Tourists heading to two popular beach destinations next year will face increased expenses. Greece and Tunisia have introduced bills proposing a higher accommodation tax. Meanwhile, in the Spanish region of Valencia, they’re bucking the trend.
In Tunisia, Tourist Tax to Triple
The Tunisian government has put forth a budget proposal for 2024, including an increase in several taxes related to tourism. Notably, there are plans to raise the tourist tax, applicable since 2018 for overnight stays in tourist accommodations like hotels, apartments, campsites, and villas.
The proposal suggests, for instance, an increase from 3 to 12 dinars (from 0.89 to 3.55 euros) per person per night in four- and five-star hotels, and from 2 to 8 dinars (from 0.59 to 2.37 euros) in three-star hotels.
These plans have stirred discontent and concern in Tunisia’s tourism industry, fearing a loss of competitiveness compared to neighboring countries.

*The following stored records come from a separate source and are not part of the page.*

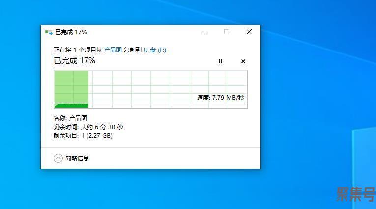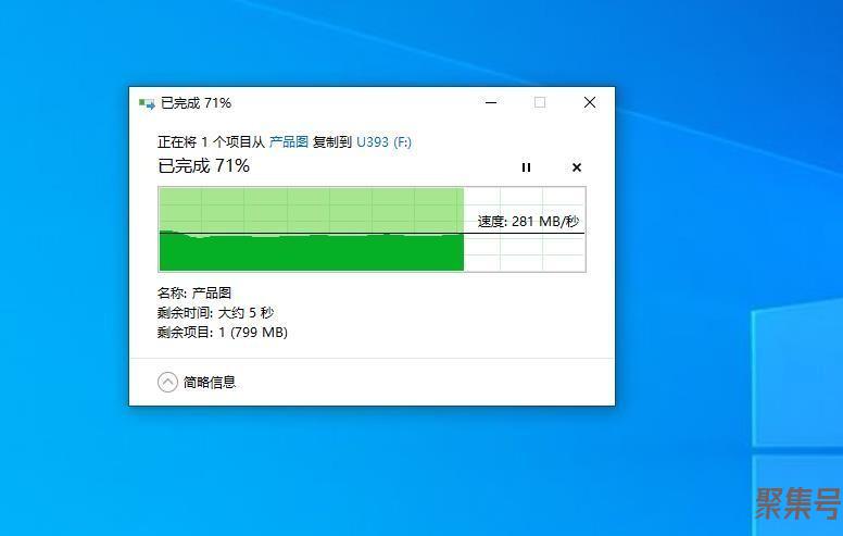 对比下来,发现同样的文件、同样的网络、同样的传输路径,普通U盘拷贝速度仅7.79MB/s,aigo固态U盘U393拷贝速度快到281MB/s,前者需要六七分钟才拷贝完,后者十几秒就完成了。不愧为“固态U盘”,aigo固态U盘U393真真是名副其实的高速移动存储设备了。
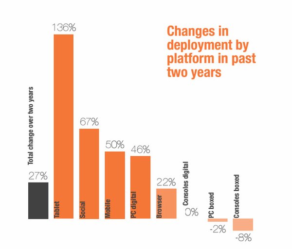 随着移动通信的出现,开发商比以前有了更多的平台。在过去两年中,参与调查的活跃平台数量增长了27%。从上图可以看到关于平台的更多信息,以及这些平台是如何发展的。
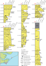 Vertical sequences of shallow sediments below the park. Figure has 5 cross sections that show sand, shell material, rip-up clasts, rooting, mud- or sand- filled burrows, horizontal laminations, planar laminations, trough cross bedding, parallel laminations, and/or mud lenses, in addition to relative size of clasts.
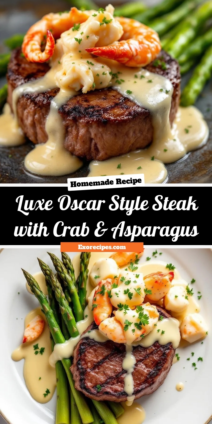 On Exorecipes, we celebrate dishes that marry simplicity with sophistication, and the Luxe Oscar Style Steak with Crab & Asparagus fits that ethos perfectly. If you’re new to cooking steak, our guide to perfect steak temperatures will help you nail the doneness every time. Meanwhile, if you’re looking for more ways to enjoy asparagus, check out our asparagus recipe roundup for inspiration. This dish isn’t just about taste—it’s about creating an experience, one that feels as rewarding to make as it is to eat.
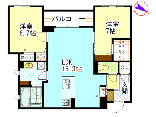 洋室6.7畳 洋室7畳 LDK15.3畳 |
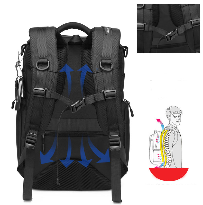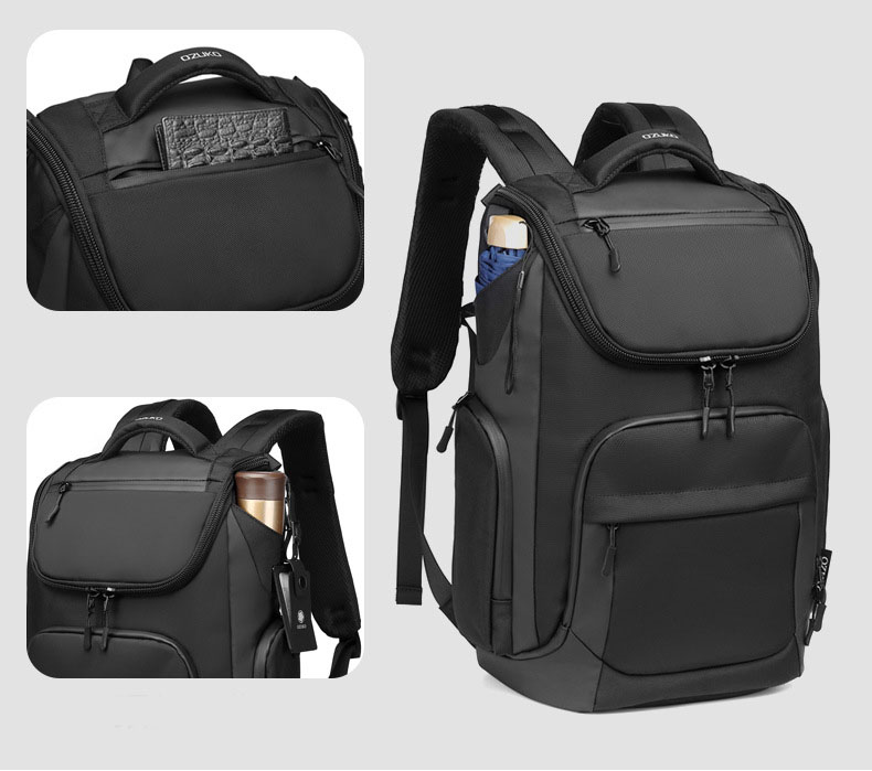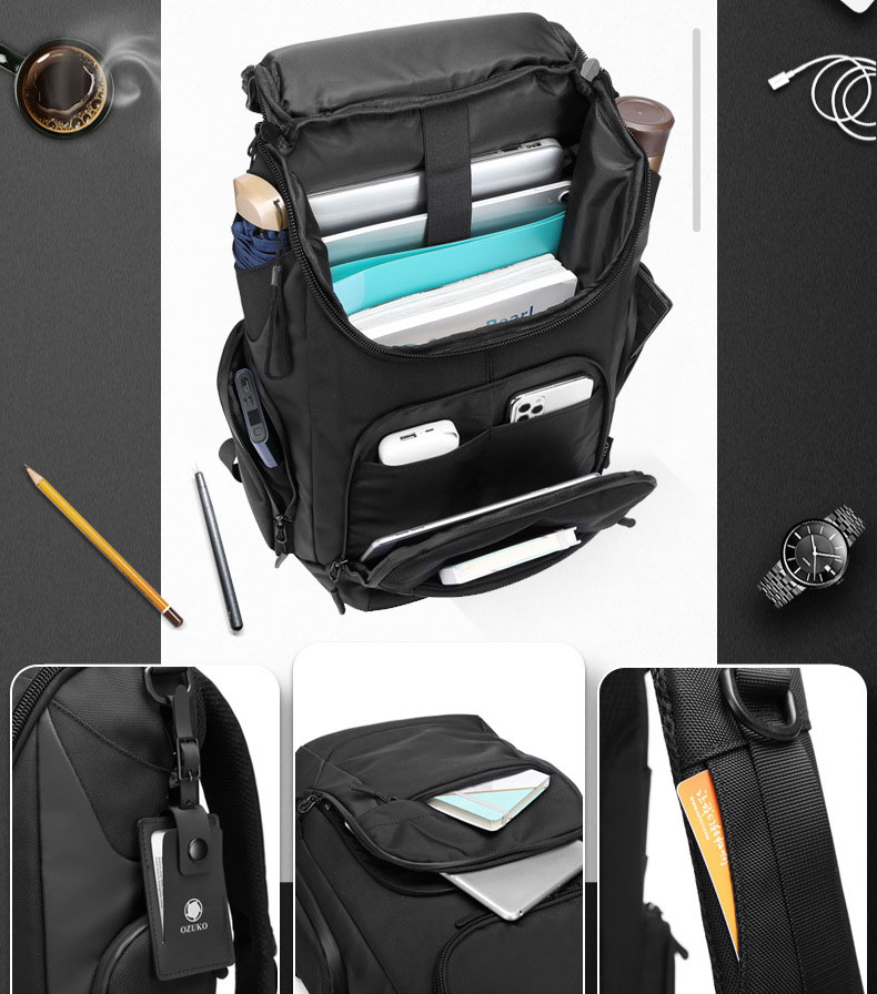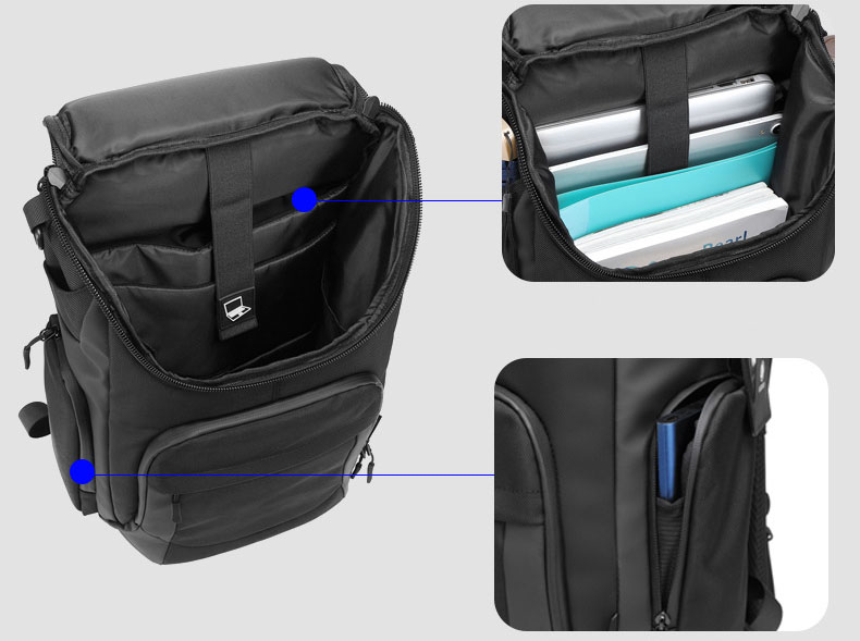 Internal structure of the bag: zipper pocket, mobile phone pocket, ID pocket, laminated zipper pocket, computer pocket and camera pocket.

The Tunisian Federation of Travel Agencies (FTAV) believes that due to the increase in the tourist tax, Tunisia may lose a share of family tourists in the summer of 2023.
In Greece, €10 Tax for a Night
Tax reforms in tourism are also expected in Greece. The government is attempting to regulate the rapidly growing short-term rental market with a bill aimed at combating tax evasion.
The proposed bill, set for January 2024, introduces new rules for determining the duration and taxation method of renting accommodation to tourists.
Among other things, the bill replaces the current stay tax (introduced in 2018) with a “climate crisis resilience fee.” Behind this new formulation hides the tourist tax for staying in hotels, rented rooms, tourist villas, short-term rentals, and tourist villas.
However, while the current accommodation tax rate in Greece is fixed and not dependent on the season, from 2024, the government aims to make it variable.
During the period from March to October, the tax rate for an overnight stay in a 1-2-star hotel will be 1.5 euros, in a 3-star hotel – 3 euros, in a 4-star hotel – 7 euros, and in a 5-star hotel – 10 euros per person. For furnished rooms and apartments for rent, a fee of 1.5 euros per night will be collected from tourists.
From November to February, the rates will remain at the current level. Tourists currently pay 0.50 euros for a night in a 1-2-star hotel, 1.50 euros in a 3-star hotel, 3 euros in a 4-star hotel, and 4 euros in a 5-star hotel. For furnished rented rooms and apartments, the amount is set at 0.50 euros.
The Greek government’s tax initiative has already faced criticism from local hoteliers, who, like in Tunisia, fear losing tourists. Therefore, the Greek Hotel Chamber suggests implementing the resilience fee only during periods of high demand to support the competitiveness of the Greek product.
Valencia Cancels Tourist Tax
However, there is good news. The Valencia government has approved the cancellation of the tourist tax in the region, which was supposed to take effect on December 1. They intended to collect 0.5 to 2 euros per day for overnight stays in hotels and other registered accommodation.
However, Valencia hoteliers managed to convince authorities to abandon this initiative. The local hotel federation stated that the new tax would have been an incentive for tourists to flee to the shadow sector, where “no taxes are paid, no jobs are created, and work is not oriented towards quality or modernity.”